Noticias como esta nos recuerdan que los límites de velocidad no están de adorno, y que un radar en la A-376 -prácticamente recta- puede ser una puñeta para quien va a 120-130 y se piensa que va circulando por una autopista de peaje. De haber estado un radar ahí, este comentario no habría tenido lugar, o lo tendría más adelante en otra vía, otro día. Todo por evitar una multa, que es lo que más nos preocupa a todos.

Si fue la primera vez que Reyes condujo a esa velocidad, me visto de flamenca. Dice una información deportiva de 2015 que el alcalde de El Coronil (Sevilla), entonces Jerónimo Guerrero, le dedicó estas palabras: «Lamentable @JoseReyes_19 en la autovía de Utrera intentado echarme deliberadamente de la carretera.
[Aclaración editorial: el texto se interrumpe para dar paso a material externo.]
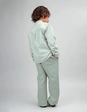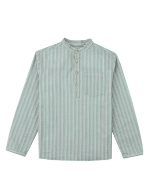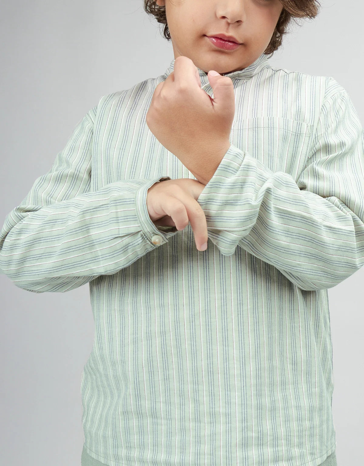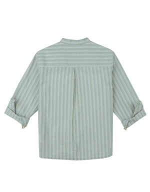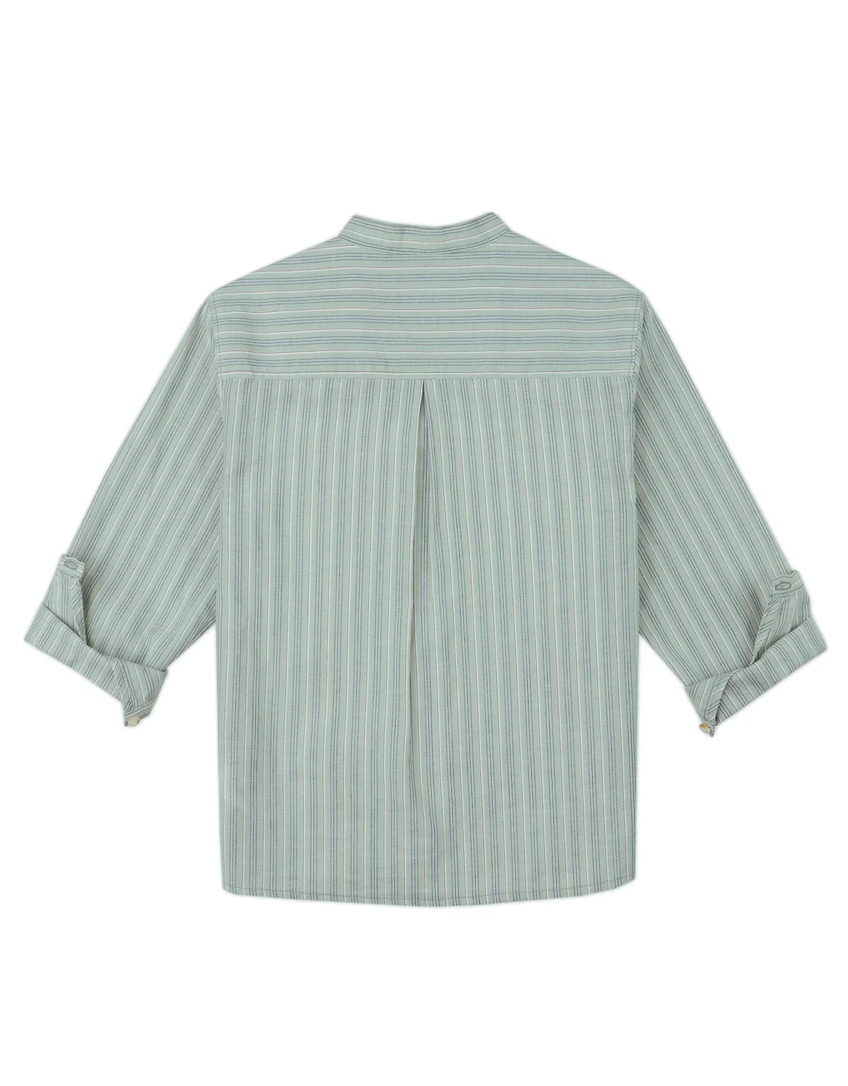 BOYS STRIPES HALF PLACKET ORIENTAL COLLAR SHIRT

Grabado por mi acompañante y Denunciado». No he encontrado el original, ya que fue borrado, pero no haré más preguntas, señoría.

Que cada uno tome de este evento las conclusiones que quiera tomar. Para un servidor están bastante claras. De ahí el título de esta entrada, «Las imprudencias se pagan», que fue eslogan de una campaña de Tráfico hace varios años. No ha dejado de estar vigente.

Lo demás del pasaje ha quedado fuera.